Two sections of Autoroute 40 were not part of the original plans. The original intention was to bypass Trois-Rivières to the north, while the existing Autoroute 40 through downtown would have been Autoroute 755, avoiding its present concurrency with Autoroute 55. In addition, a different route was originally planned around Sainte-Foy (now in the west end of Quebec City) south of Jean Lesage International Airport, while the existing 12 km segment of Autoroute 40 between Sainte-Augustin and Autoroute 73 would have been the western end of Autoroute 440. Both rights-of-way are still maintained.

=== Autoroute 50 ===

Portions only: Originally, the portion of Route 158 between Saint-Esprit and Joliette was planned to be Autoroute 50, however, these plans were later cancelled. A petition to upgrade the existing route to its formerly planned freeway status began circulating in 2014.

===Autoroute 65===

Autoroute 65 was proposed in the 1970s and would have linked Thetford Mines to Autoroute 20 at Villeroy. It may have been planned as far south as an easterly extension of Autoroute 10 near Lambton.

===Autoroute 415===

Autoroute 415 had been proposed as the number of a planned autoroute in Montreal. This road was proposed in 1960, and would have connected Autoroute 15 (the Décarie Autoroute) at Monkland Avenue to Autoroute 19 at Rachel Street (on a connection between the present Autoroute 19 and the Jacques Cartier Bridge that was never built).

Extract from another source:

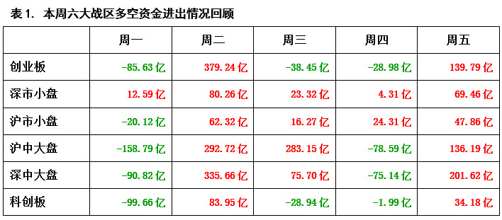 从表1的每日六大战区多空资金进出情况中可以看到,在本周五个交易日中,虽然周一与周四,空方都曾大幅施压,但多方均没有全面溃败,总是有个别战区顽强的保持着资金流入状态;而周一之后的周二,以及周四之后的周五,多方都及时予以反击,不仅当天六大战区均呈现为全面资金流入状态,且资金回流的力度也会明显超过前一日资金出逃的力度,也正因如此,场内的恐慌情绪才无法持续蔓延,投资者的做多热情依然维持在较高水平。在这种情况下,行情就很难出现连续大幅杀跌,市场在4000点上方经过震荡整固之后,或有继续向上拉升的可能。

In its 1960 master highway plan, the Montreal Metropolitan Committee proposed a new 7 km long autoroute along the city's east–west street grid at the northern edge of downtown. The six-lane autoroute was forecast to handle as many as 4,500 vehicles per hour during weekday peak periods. Beginning at the Decarie Autoroute at Monkland Avenue in the Notre-Dame-de-Grâce section of the city (at the current EXIT 66 on Autoroute 15), the Mount Royal Autoroute was to extend in a northeastern direction through Westmount underneath Mount Royal Park before emerging above ground at Rachel Street connecting to the unbuilt Autoroute 19 section of what is now Papineau Avenue.

===Autoroute 640===

Portion only: The initial plan for Autoroute 640 was to continue west from Oka, crossing Lac des Deux Montagnes, to Autoroute 40 in Vaudreuil-Dorion, potentially passing through Oka National Park and Aboriginal lands. The political sensitivity involved with constructing a freeway through a protected area and the 1990 land dispute regarding a golf course expansion have decreased the likelihood of the extension.

===Autoroute 755===

Autoroute 755 is in service but is currently part of Autoroute 40. Originally, Autoroute 40 was to avoid the downtown area of Trois-Rivières and to pass north of its current alignment, continuing east from the northern Autoroute 40 / Autoroute 55 interchange to a tight curve near Rue Courteau. The present alignment of Autoroute 40 in the downtown area would have been designated as Autoroute 755.

It existed briefly in the mid-1980s under the name of Autoroute de Francheville, but was incorporated into Autoroute 40 when the construction of the original route was suspended.